The Best of All Possible Tunings is...

Updated: Dec 19, 2019

...Standard Tuning!

By "altered tuning" I do not mean merely dropping standard tuning down a half-step or more; I mean a tuning wherein the intervals between strings are different than standard.

Generally speaking, altered tunings are designed to solve a specific problem. For instance, Drop-D:

The Drop-D tuning (D A D G B E) solves the problem of not having a low D when playing in the key of D. But it creates other problems; all chords that include the 6th-string have to be re-fingered; the note on the 6th string has to be raised a whole-step to compensate for the fact that it's been lowered a whole-step from E (normally the lowest note on the guitar) to D.

Drop-D Power Chord

Because of this, many bar chords and extended chords that require a 6-string spread become impossible. On the other hand, a simple Power Chord becomes easier than it already is; only a single finger is required:

Move this shape in Drop-D tuning around on the neck and you will hear shades of heavier Alternative Rock music a la Nirvana and Foo Fighters.

Or Open-G:

The Open-G tuning (D G D G B D) is designed to make playing a major chord possible with a bottleneck slide. With the exception of a few triad shapes, that's about all one can do with it chord-wise. Any kind of extended &/or altered chords, with or without the slide, are impossible.

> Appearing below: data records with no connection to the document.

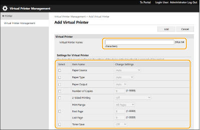 ![]() | A virtual printer enables you to use LPD printing or FTP printing with the print settings registered as a virtual printer in advance. For example, registering settings such as the paper type, number of copies, and two-sided printing in advance eliminates the need to specify these settings for each job. |
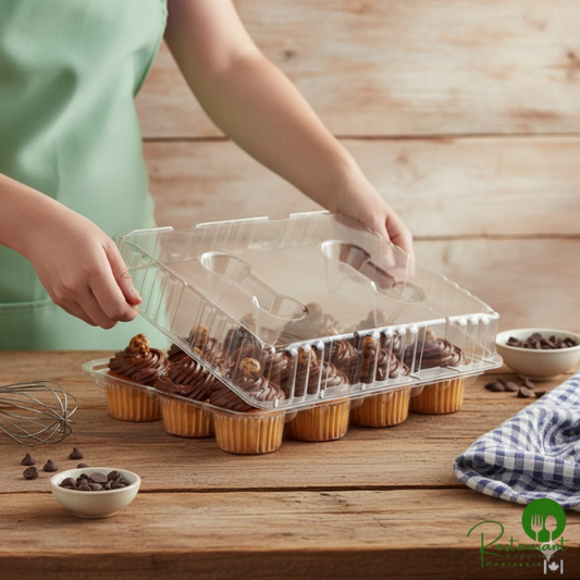 • 12-Cup Hinged PET Plastic Cupcake / Muffin Container By Prime - 100/Case
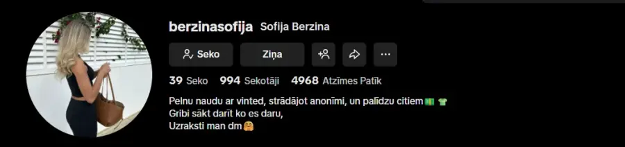 Persona Tik Tok platformā @berzinasofija - Krāpniecība
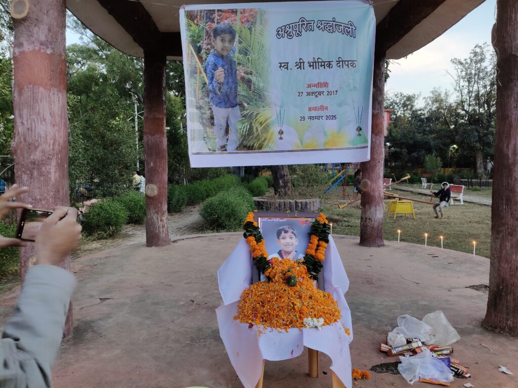 8-12-2025 को ज़ब अंबेडकर पार्क में शाम के समय स्व श्री.. भौमिक दीपक का श्रद्धांजलि अर्पित माता-पिता के द्वारा रखा गया जिसमें साहू समाज के एवं हर वर्ग के लोग मौजूद थे शिक्षा विभाग के उच्च अधिकारी गण भी मौजूद थे मोमबत्ती जलाकर स्व.. श्री भौमिक दीपक को अंतिम श्रद्धांजलि अर्पित किया गया

Keith Richards has gotten a lot of mileage out of these two chord shapes in Open-G:

Mess around with these 2 shapes in with an Open-G tuning and you'll quickly realize that it's the key to many Stones tunes like Start Me Up, Brown Sugar, Honky Tonk Women and many others.

As I said in Slip Sliding Away, there are several altered tunings used among slide players. Most of them are a major chord of some kind. All these tunings facilitate easier chord playing. However, each of these tunings impose severe limitations on the types of chords that are possible. Consequently slide playing primarily serves a soloing function. I'm far too interested in being able to play sophisticated chords to be happy with that limitation.

In Altered States - Unique Voicings I told of how I discovered Alex de Grassi's "Slow Circle" and was blown away by how it sounded. There were 4 different altered tunings used; not a single track was in standard tuning. I spent several years experimenting with the altered tunings used on that album.

Those tunings were:

1) E B E F# B E

2) E B E G A D

3) E B E G# B D#

4) E B E F# B D

I've told the story elsewhere of how and why I abandoned the de Grassi tunings and figured out how to get the same type of sound in standard tuning.

A couple of other tunings I've messed with are Drop C tuning (C G C F A D) and Drop B (B F# B E G# C#). I could write an entire blog on all these tunings - and others - but that's not the point. The point is I have years of experience with exploring altered tunings and so my conclusions are not hasty, biased judgments.

I came to the position that the altered tuning approach was not good (for me - obviously they've been good for de Grassi, Keith Richards and others) because it negated the years of study and work I had done to understand the instrument and master the neck - besides the thousands of dollars spent on the learning process. Change the tuning and I was back to hunt-and-peck, hunt-and-peck, learning by trial-and-error.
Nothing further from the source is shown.